Though pandas
has nice syntax for aggregating with dicts and NamedAggs, these can come at a huge efficiency cost. The reason is because instead of using the built-in groupby methods, which are optimized and/or implemented in cython, any .agg(lambda x: ...)
or .apply(lambda x: ...)
is going to take a much slower path.
What this means is that you should stick with the built-ins you can reference directly or by alias. Only as a last resort should you try to use a lambda
:
In this particular case use
df.groupby('numbers')[['colors']].agg('nunique', dropna=False)
Avoid
df.groupby('numbers').agg({'colors': lambda x: x.nunique(dropna=False)})
This example shows that that while equivalent in output, and a seemingly minor change, there are enormous consequences in terms of performance, especially as the number of groups becomes large.
import perfplot
import pandas as pd
import numpy as np
def built_in(df):
return df.groupby('numbers')[['colors']].agg('nunique', dropna=False)
def apply(df):
return df.groupby('numbers').agg({'colors': lambda x: x.nunique(dropna=False)})
perfplot.show(
setup=lambda n: pd.DataFrame({'numbers': np.random.randint(0, n//10+1, n),
'colors': np.random.choice([np.NaN] + [*range(100)])}),
kernels=[
lambda df: built_in(df),
lambda df: apply(df)],
labels=['Built-In', 'Apply'],
n_range=[2 ** k for k in range(1, 20)],
equality_check=np.allclose,
xlabel='~N Groups'
)

But you want to do multiple aggregations and use different columns
The .groupby()
part of a groupby doesn't really do that much; it simply ensures the mapping is correct.

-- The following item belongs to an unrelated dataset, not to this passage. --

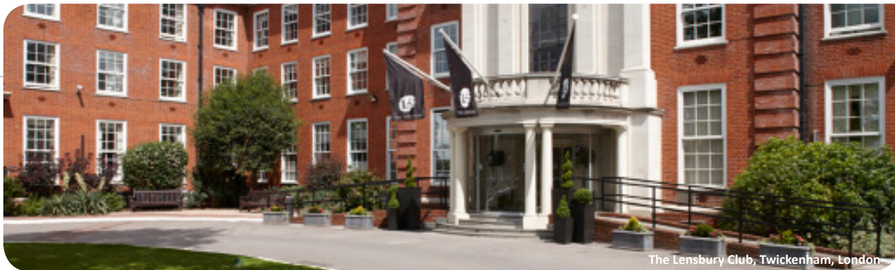
The Lensbury Club, Twickenham, London

So though unintuitive, it is still much faster to aggregate with the built-in separately and concatenate the results in the end than it is to agg with a simpler dict using a lambda.
Here is an example also wanting to sum
the weight column, and we can see that splitting is still a lot faster, despite needing to join manually
def built_in(df):
return pd.concat([df.groupby('numbers')[['colors']].agg('nunique', dropna=False),
df.groupby('numbers')[['weight']].sum()], axis=1)
def apply(df):
return df.groupby('numbers').agg({'colors': lambda x: x.nunique(dropna=False),
'weight': 'sum'})
perfplot.show(
setup=lambda n: pd.DataFrame({'numbers': np.random.randint(0, n//10+1, n),
'colors': np.random.choice([np.NaN] + [*range(100)]),
'weight': np.random.normal(0,1,n)}),
kernels=[
lambda df: built_in(df),
lambda df: apply(df)],
labels=['Built-In', 'Apply'],
n_range=[2 ** k for k in range(1, 20)],
equality_check=np.allclose,
xlabel='~N Groups'
)